Сначала ничего не произошло. Даже захотелось расстроиться и завыть от отчаяния, подумав, что колдунья из неё вышла так себе, но тут стены каменного мешка вдруг угрожающе задрожали, а потом дверь с мудрёным замком разнесло вдребезги, и перед арестанткой образовался спасительный выход.

– Хех! – озорно усмехнулась маленькая Маргоша внутри достигшей зрелости Марго. Она встала и осторожно выглянула в коридор. – Ай да я!

Дорога к свободе была открыта!

Королева Померании шла коридорами замка, как когда-то десятилетними хулиганами они с Владиславом прогуливались по арбузному полю, и закрытые двери лопались перед нею, аки мыльные пузыри, возвращая в душу влюблённой женщины забытую, беззаботную детскую радость…

* * *

Собрав морщины на лбу в крепкую думу, Будраш мерил залу тяжёлыми шагами. Маленький Бло восседал в кресле и с нескрываемым любопытством изучал человекообразное существо, с которым ему впервые приходилось иметь дело не в качестве ингредиента для известного глюнигатэна… Вернее, не только в этом качестве!

– И это всё, что я должен буду сделать? – нарушил затянувшееся молчание канцлер.

– Да, – кивнул Бло.

– И сразу получу власть… над миром?

– Не совсем сразу, – поумерил зверь аппетиты тайного советника, – а после того, как королевство Владислава будет сметено с лица земли.

Канцлер опустился в кресло и, водрузив локти на стол, сцепил пальцы в увесистый замок.

– Заманчиво, чёрт возьми, заманчиво… – закивал он, ощупывая мыслью перспективу. – И всё-таки шестнадцать лет ожидания… шестнадцать… долговато.

– В сравнении с вечностью? – удивился ночной гость.

Будраш не ответил. Некоторое время он разглядывал странного визитёра, что-то взвешивая, просчитывая и прикидывая, пока брови не сгустились в возникшем сомнении:

– Но… что взамен? – нарушил он молчание, буравя невозмутимого грызуна взглядом. – Вряд ли ты делаешь это из любви к ближнему.

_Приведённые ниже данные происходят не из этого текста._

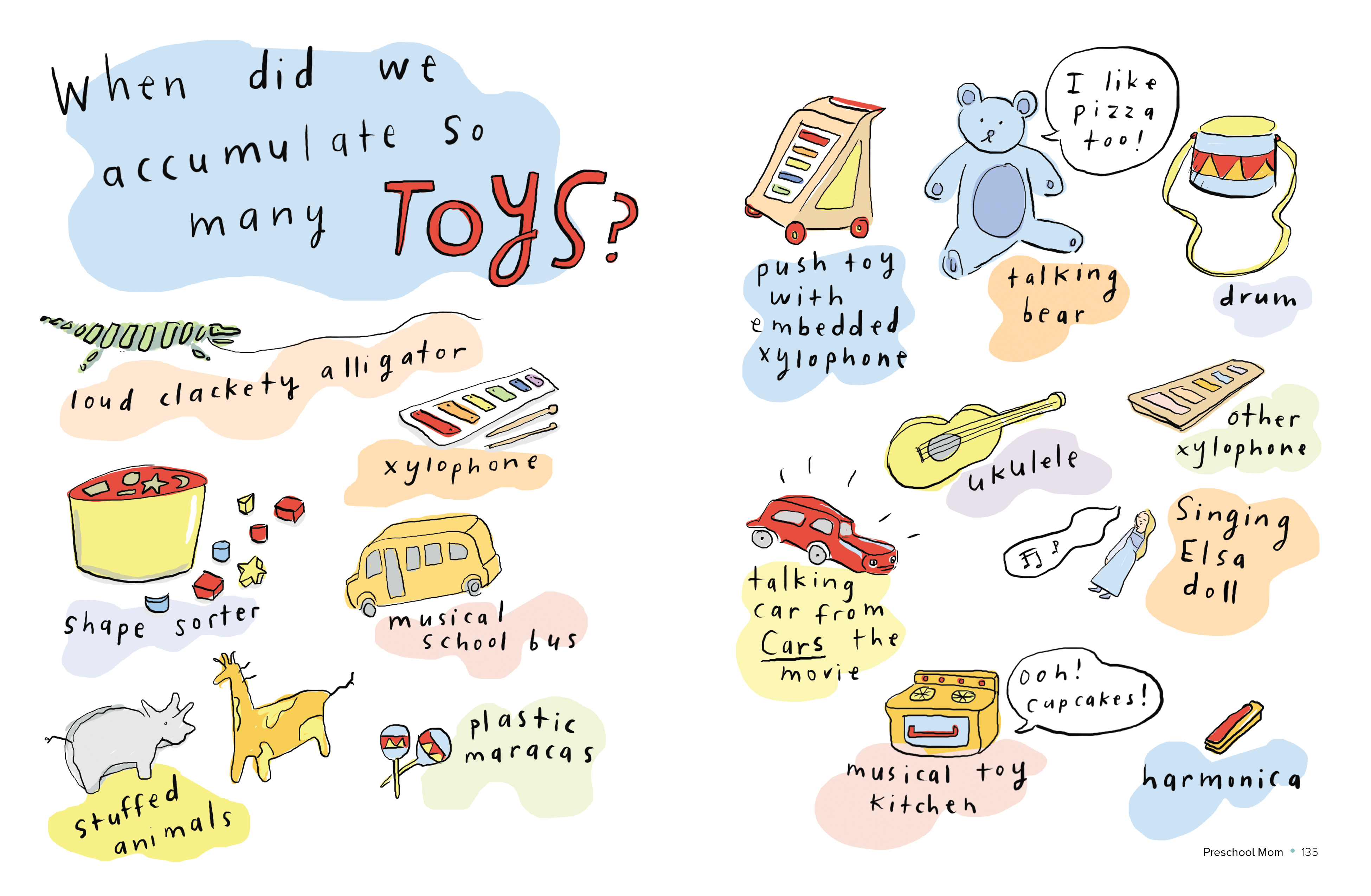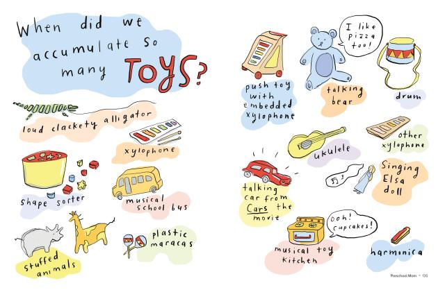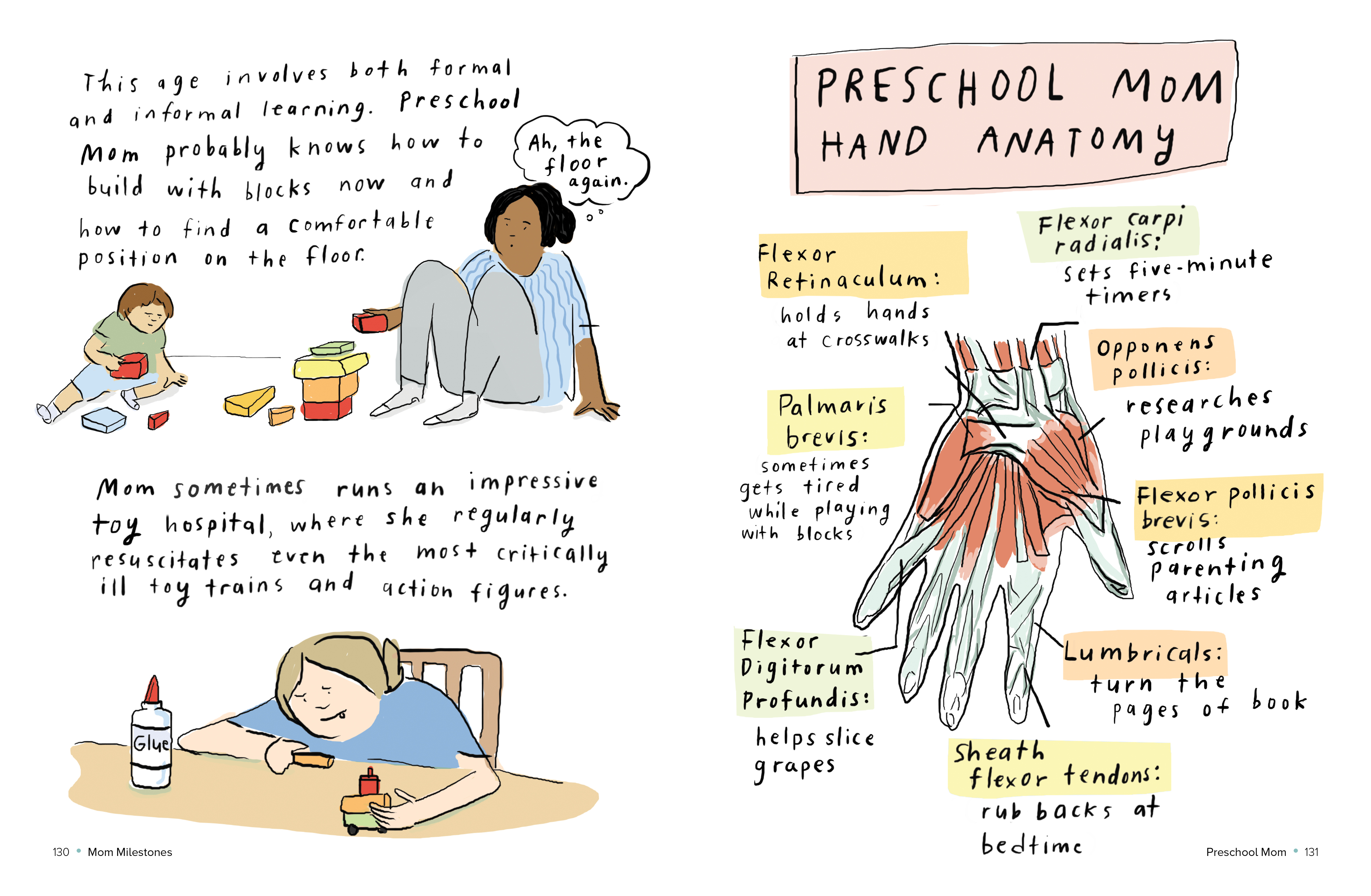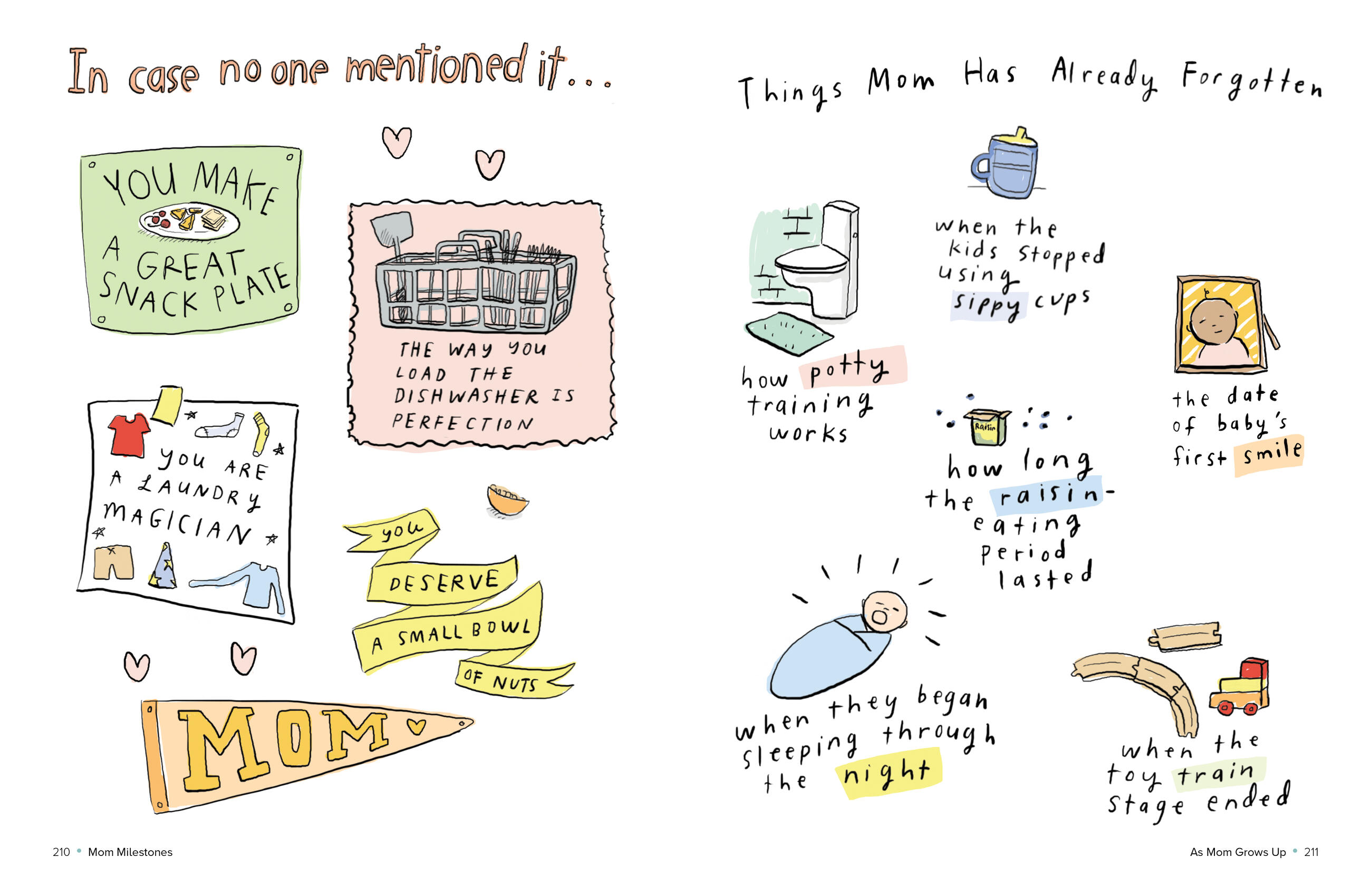 Beginning with one-day-old mom, who may feel like she is learning a new language, Mom Milestones is a love letter to the myriad ways moms grow and adapt to motherhood. Here are significant firsts: First sleepless night. First walk with baby. First mom friend. Skills learned—how to soothe baby (sometimes); how to coax a preschooler into taking medicine. Mom’s likes (adapting pop songs to lullaby format; gathering intelligence from other moms) and dislikes (emptying the lunch box with mystery smells; requests for video games). There’s Bedtime: The Board Game; crafts mom enjoys (no glitter or glue, thanks!); and the ABCs of motherhood (E for ennui).

– Взамен ты отдашь мне своё сердце…

– Сердце? – вздрогнул тайный советник, и на лбу его обозначилась чёткая жилка, а внутри всё тревожно сжалось.

– Сердце… – повторил Бло. – Когда станешь властелином, оно тебе не понадобится.

– А как же я буду жить без сердца?

– Превратишься в шуршика. А у нас – шуршиков – сердца нет. Мы – существа бессердечные, – и огромная чёрная-бурая белка заразительно захихикала, точно ёж, бегающий по полю со стриженой травкой.

Но Будрашу озвученная ставка забавной не показалась. Он надолго замолчал, погрузившись в размышления. Вспоминал Анну, Даниила и огромный кусок, едва ли не половину собственной жизни, в которой были только беготня за иллюзиями, да движение по карьерной лестнице, а по сути – пустота и дым…

– Я должен подумать… – пробормотал он, глядя перед собой.

– Подумай, Будраш. Конечно, подумай, – в тон отозвался ушастый интриган. – Только помни: у тебя день сроку. Больше такого случая не представится. Скоро «обожаемый» тобой Даниил станет премьер-министром, и ты навсегда уйдёшь в тень.

Услышав ненавистное имя, советник вышел из ступора и угрюмо взглянул на гостя. Пальцы его рефлекторно свинтились в кулаки и хрустнули:

– Врёшь!..

Бло тут же сделался совершенно серьёзным. Враньё в среде шуршиков было немыслимо и приравнивалось к оскорблению. Если воин дикого племени хотел что-то утаить, он молчал, либо уводил разговор в сторону, но врать – такого себе не позволил бы даже самый занюханный из занюханных отщепенцев. Однако перед Маленьким Бло был человек, а среди людей подобная низость встречалась на каждом шагу и давно стала обыденностью. Он подавил в себе желание тут же оторвать ингредиенту голову и сказал холодно:

– Шуршики никогда не врут…

Будраш в сердцах хлопнул ладонями о стол. Лицо рассекла судорога ненависти. Он подошёл к камину и пошерудил в нём кочергой, стараясь подавить подступившую к горлу желчь. В этот момент зверь что-то пробормотал, но за глухим стуком переворачиваемых поленьев, канцлер не расслышал слов, и тут…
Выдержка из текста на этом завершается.